18VAC60-21-90. Patient information and records.

A. A dentist shall maintain complete, legible, and accurate patient records for not less than six years from the last date of service for purposes of review by the board with the following exceptions:

1. Records of a minor child shall be maintained until the child reaches 18 years of age or becomes emancipated, with a minimum time for record retention of six years from the last patient encounter regardless of the age of the child;

2. Records that have previously been transferred to another practitioner or health care provider or provided to the patient or the patient's personal representative pursuant to § 54.1-2405 of the Code of Virginia; and

3. Records that are required by contractual obligation or federal law may need to be maintained for a longer period of time.

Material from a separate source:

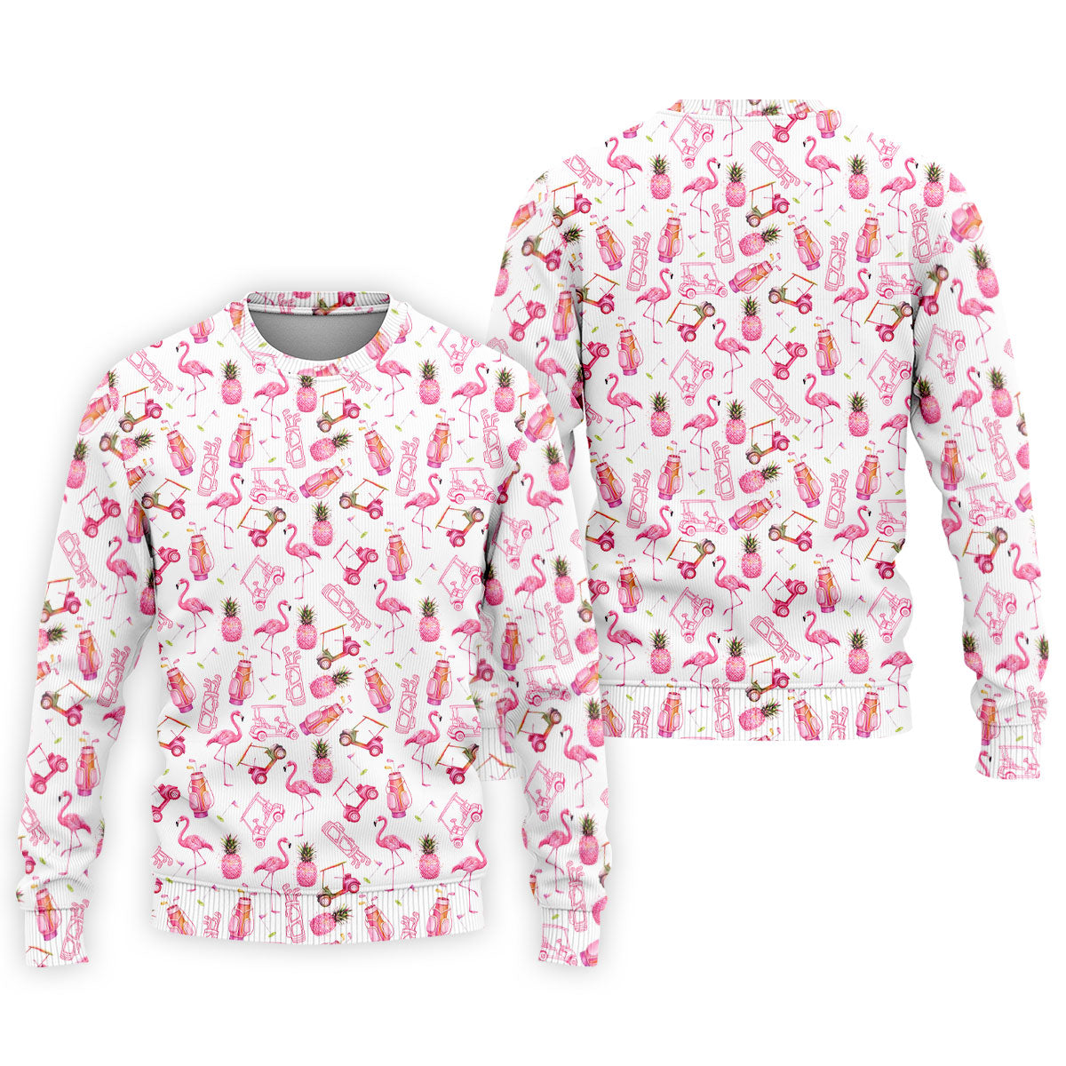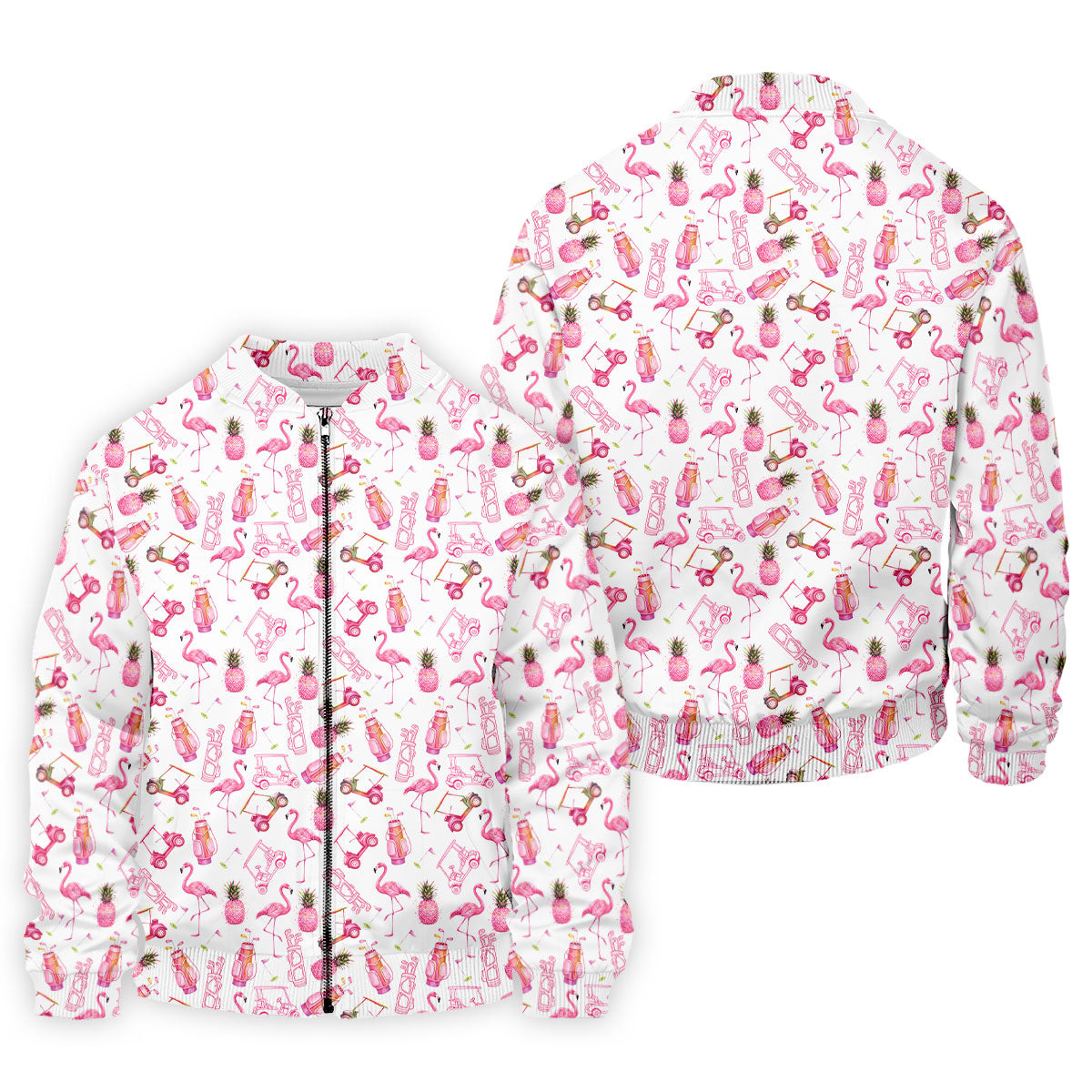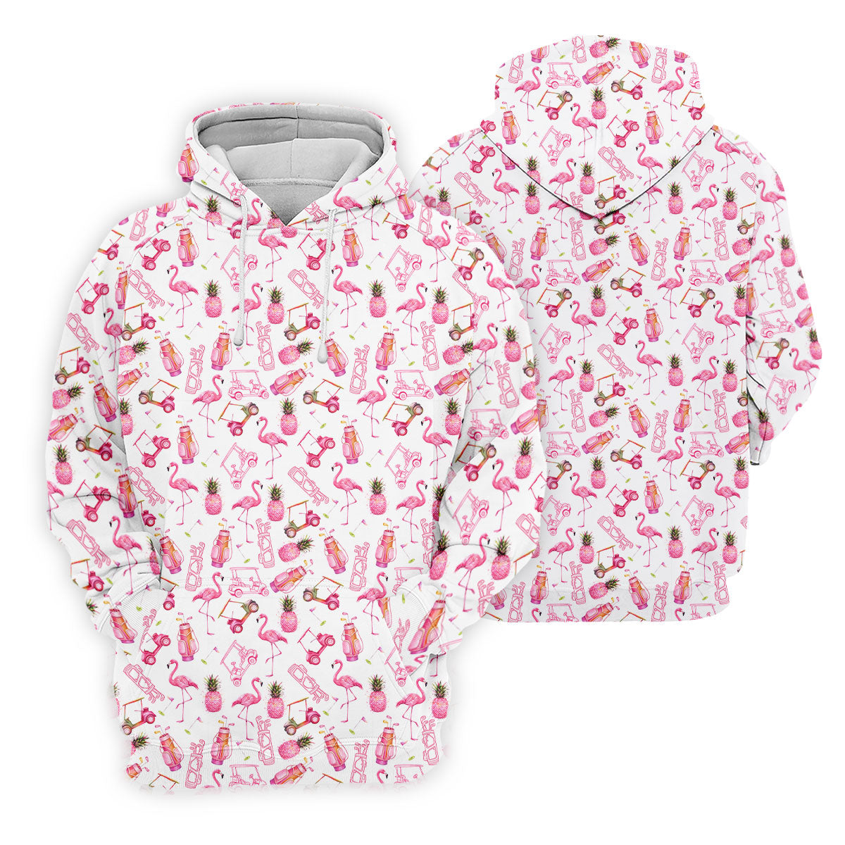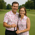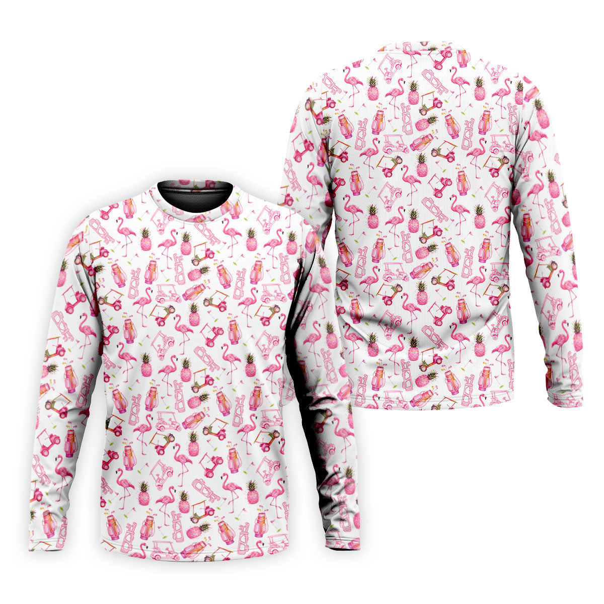 Funny Flamingo Pink Pineapple Tropical Vibe Golf Tops For Men, Men's Funny Golf Shirts, Polo Shirts For Men

B. Every patient record shall include documentary evidence of the following:

1. Patient's name on each page in the patient record;

2. A health history taken at the initial appointment that is updated (i) when analgesia, sedation, or anesthesia is to be administered; (ii) when medically indicated; and (iii) at least annually;

3. Diagnosis and options discussed, including the risks and benefits of treatment or nontreatment and the estimated cost of treatment options;

4. Consent for treatment obtained and treatment rendered;

5. List of drugs prescribed, administered, or dispensed and the route of administration, quantity, dose, and strength;

6. Radiographs, digital images, and photographs clearly labeled with patient name, date taken, and teeth identified;

7. Notation of each treatment rendered, the date of treatment and of the dentist, dental hygienist, and dental assistant II providing service;

8. Duplicate laboratory work orders that meet the requirements of § 54.1-2719 of the Code of Virginia, including the address and signature of the dentist;

9. Itemized patient financial records as required by § 54.1-2404 of the Code of Virginia;

10. A notation or documentation of an order required for treatment of a patient by a dental hygienist practicing under general supervision as required in 18VAC60-21-140 B; and

11. The information required for the administration of moderate sedation, deep sedation, and general anesthesia required in 18VAC60-21-260 D.

C. Records shall not be withheld because the patient has an outstanding financial obligation.

D. A reasonable cost-based fee may be charged for copying patient records to include the cost of supplies and labor for copying documents, duplication of radiographs and images, and postage if mailing is requested as authorized by § 32.1-127.1:03 of the Code of Virginia. The charges specified in § 8.01-413 of the Code of Virginia are permitted when records are subpoenaed as evidence for purposes of civil litigation.

E. Records shall not be abandoned or otherwise left in the care of someone who is not licensed by the board except that, upon the death of a licensee, a trustee or executor of the estate may safeguard the records until they are transferred to a licensed dentist, sent to the patients of record, or destroyed.

F. Patient confidentiality must be preserved when records are destroyed.

Statutory Authority

§§ 54.1-2400 and 54.1-2709.5 of the Code of Virginia.

Historical Notes

Derived from Virginia Register Volume 32, Issue 5, eff. December 2, 2015; amended, Virginia Register Volume 35, Issue 5, eff. November 28, 2018; Volume 41, Issue 2, eff. October 24, 2024.

18VAC60-21-100. Reportable events during or following treatment or the administration of sedation or anesthesia.

The treating dentist shall submit a written report to the board within 15 calendar days following an unexpected patient event that occurred intra-operatively or during the first 24 hours immediately following the patient's departure from his facility, resulting in either a physical injury or a respiratory, cardiovascular, or neurological complication that was related to the dental treatment or service provided and that necessitated admission of the patient to a hospital or in a patient death. Any emergency treatment of a patient by a hospital that is related to sedation anesthesia shall also be reported.

Statutory Authority

§ 54.1-2400 of the Code of Virginia.

Historical Notes

Derived from Virginia Register Volume 32, Issue 5, eff. December 2, 2015.